Flemish-born Hendrick Brandtsoen (1938-2003) was a scholarly critic of the social structure as well as someone whose contrariness was at odds with standards generally adhered to in artistic circles. Innovation was something he never cared for, it being the seventeenth century masters he sought to rival. Nevertheless traces of today’s world unwittingly crept into his originally highly classical still lifes, which always remained classical, yet in a twentieth century kind of way. Owing in part to his oeuvre being quite small, Brandtsoen’s reputation has always remained confined to a select circle of connoisseurs, even though the partnership with the New York-based Alexander Milliken Gallery (from 1985 to 1990) quickly earned him the status of an exceptional talent and caused his work in a matter of years to command prices of up to five times of what they had been previously.
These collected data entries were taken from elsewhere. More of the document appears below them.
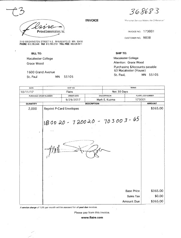3. Send the original invoice to the 77 Mac, Accounts Payable. See the sample of what an invoice ready to be submitted via Campus Mail.
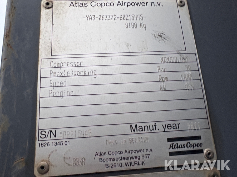 Kompressor Atlas Copco Drillair XRXS 567 på lastväxlarram
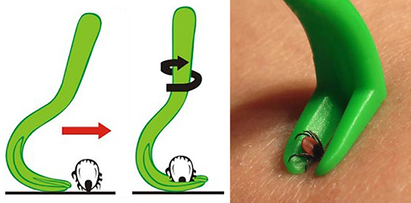 Вытащить клеща самостоятельно можно с помощью пинцета или специального устройства, которое можно купить в аптеке. Так выглядит устройство для извлечения клеща.
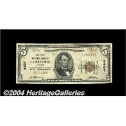 Cainesville, MO - $5 1929 Ty. 1 The First NB Ch. # 8407A tough note from the only bank here to issue. Nice Fine-Very Fine. <BR><BR><B>Important notice:</B> Heritage usually auctions material at the rate of 200-250 lots per hour. On some occasions eBay Live bid software or the Internet may not be able to keep up with the pace of the auction. We recommend placing a realistic absentee bid now as insurance to avoid disappointment. Occasionally the auctioneer may eliminate or reject an eBay Live bid, and the auctioneer may also reopen a lot after the close of the eBay live bidding (usually because we missed an audience bid), and may reject your bid even if it shows you as the winning bidder. By bidding via eBay Live, you agree that Heritage may award the lot to another bidder at its sole discretion under the circumstances described above or any other reasonable circumstances. Since eBay bids are not shown to us until we open the lot on the floor, we treat those bids just like floor bids. In most cases the floor responds before the eBay bid is presented to us, due to Internet lag time, so for consistency we have made it a policy that floor bids are always considered first over tie eBay live bids. Also please note that all Heritage lots purchased through eBay Live carry a 20% Buyer's Premium. Please make sure you read the Terms and Conditions before you bid. <BR><BR><B>IMPORTANT ANNOUNCEMENT ABOUT RESERVES:</B> Heritage now divulges all reserves on its web site 7 days before every auction. If you want to know whether the reserve on this lot has been met, and if not, what the reserve amount is, please visit this lot page on the HeritageCoin.com web site, or email: bid@HeritageGalleries.com
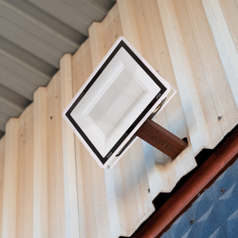 El Foco Proyector LED IP65 acabado en color Blanco destaca por su diseño compacto y su acabado minimalista. Con un factor de potencia sobresaliente superior a 0.95, este proyector no solo garantiza un ahorro significativo en tu factura de luz, sino que también te ofrece una iluminación de alta calidad, reduciendo el consumo energético. Monta un difusor prismático especial que reduce notablemente las molestias ocasionadas por el deslumbramiento, que hace que de este foco el producto ideal para instalarlo en todo tipo de espacios, además su factor de protección IP65 junto a su carcasa fabricada en aluminio lo convierten en un foco perfecto para exterior, ya sea instalado en terrazas o balcones, o en donde queramos conseguir una iluminación de calidad con un consumo mínimo. Además, su bastidor permite inclinar la luminaria en la dirección deseada.
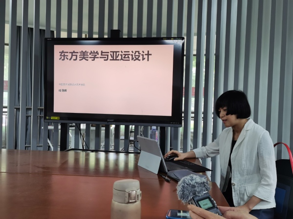 成朝晖教授以“东方美学”的视角,结合历届奥运会、亚运会的主题设计,对杭州亚运会设计的相关内容展开了深入浅出的探讨与分享。讲座过程中,成朝晖教授结合亲身设计经历,以大量的图片、影像资料,分享了亚运主题设计的东方诗意,以及“从文到图”诠释的整个完整过程。亚运核心图形其主题是“润泽”,正所谓“温润细腻”为“润”,“挥洒灵动”为“泽”, 作为杭州东方诗意的亚运灵魂,核心图形与色彩系统将“意象、意境、境界”之美心心相融。
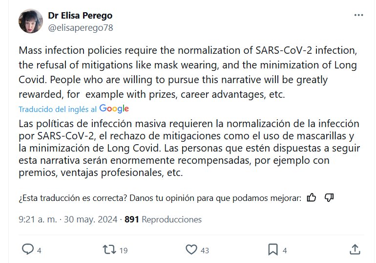 LEY DE OMERTÁ COVID (EN INGLÉS) Dr Elisa Perego @elisaperego78 Las políticas de infección masiva requieren la normalización de la infección por SARS-CoV-2, el rechazo de mitigaciones como el uso de mascarillas y la minimización de Long Covid. Las personas que estén dispuestas a seguir esta narrativa serán enormemente recompensadas, por ejemplo con premios, ventajas profesionales, etc.
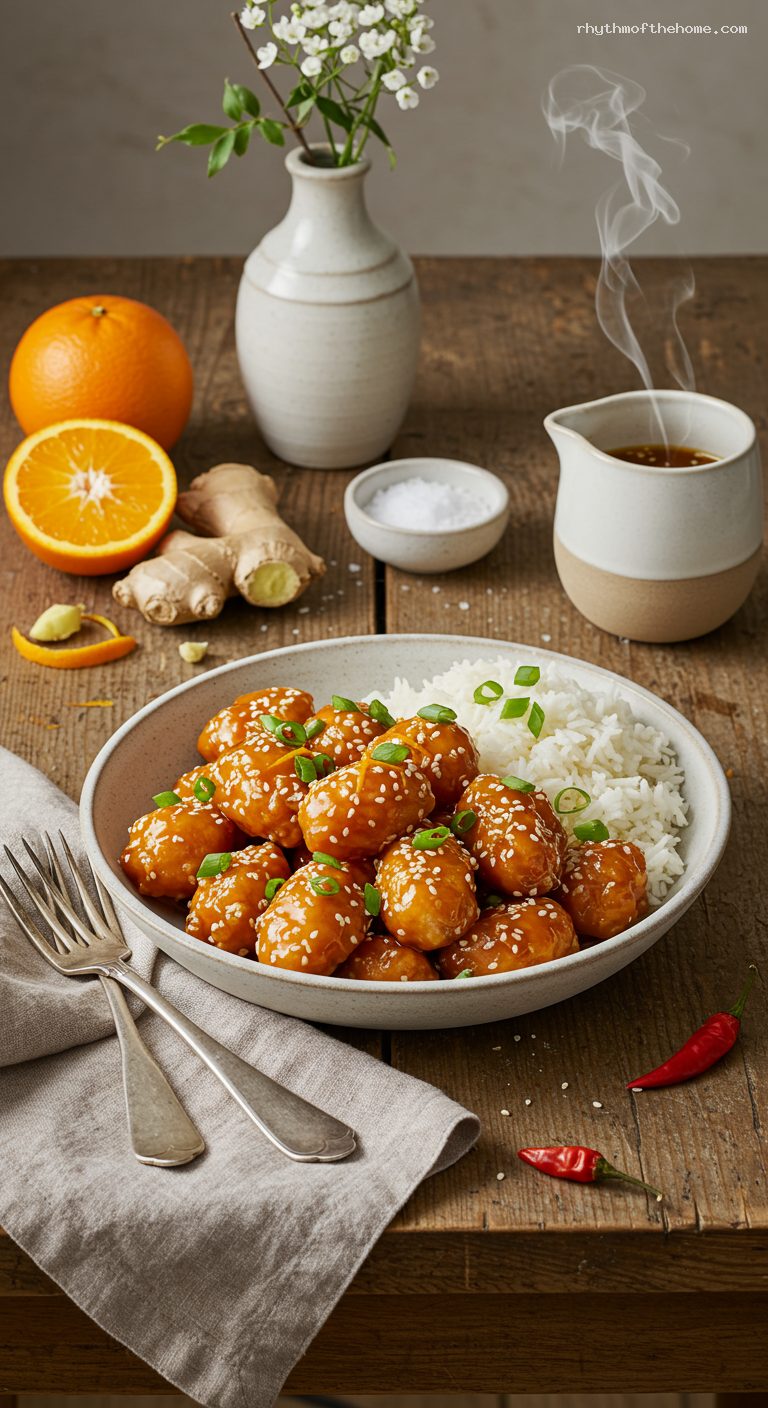 - Bright, balanced sauce: fresh orange, soy, ginger, and just enough chili heat.
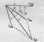 В каждой ветви ток будет отставать от напряжения на ветви (см. § 52), а напряжение на ветвях общее. Поэтому построим векторную диаграмму токов, считая, что мгновенные значения токов в первой и второй ветвях отстают от напряжения соответственно на
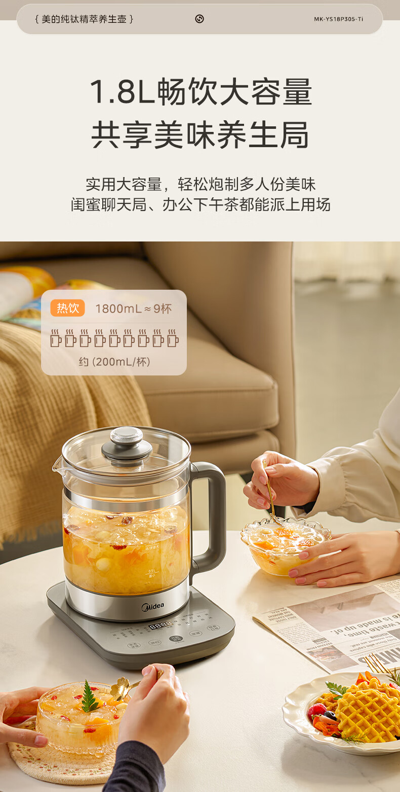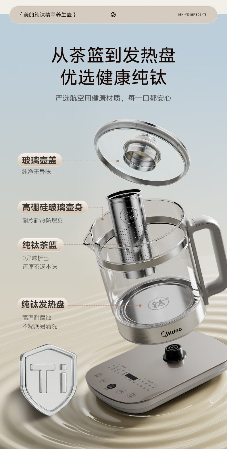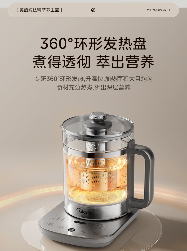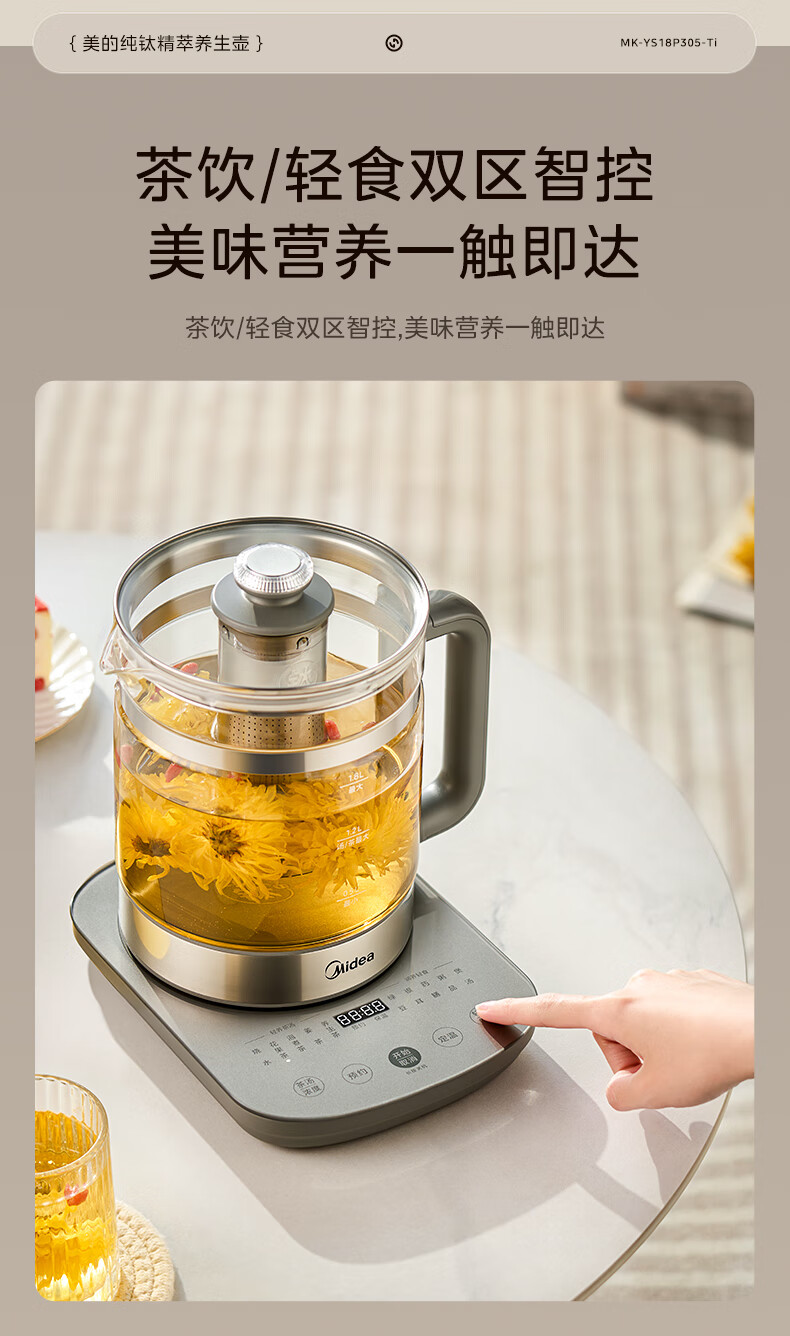 美的(Midea)纯钛养生壶 1.8L全自动大容量煮茶器烧水壶 纯钛茶篮 家用电热水壶花茶壶 恒温煮茶壶YS18P305-Ti

Unfortunately his poor health put the kybosh on his career not much later.




Herman van Rossum (1952-1991) was a disciple of what could be characterised as the “Utrecht School”, which despite its strong realistic orientation constitutes more of a breeding ground than a movement and which is associated with names such as Moesman, Peter Vos and Peter van Poppel. Van Rossum in his brief lifetime developed from a surrealist to what I like to describe as “the painter of the stillest mist in the Netherlands”, which makes it all the more curious that the surreal was always putting in an appearance in the artist’s subtle interplay between green and infinite white. Authoritative as the Ophelia theme (which of course for centuries has captivated painters), once noticed, comes across as, it nevertheless represents an almost intermittent aspect of his work. Was it nostalgia, was it covert suffering that pushed the ever-cheerful Van Rossum?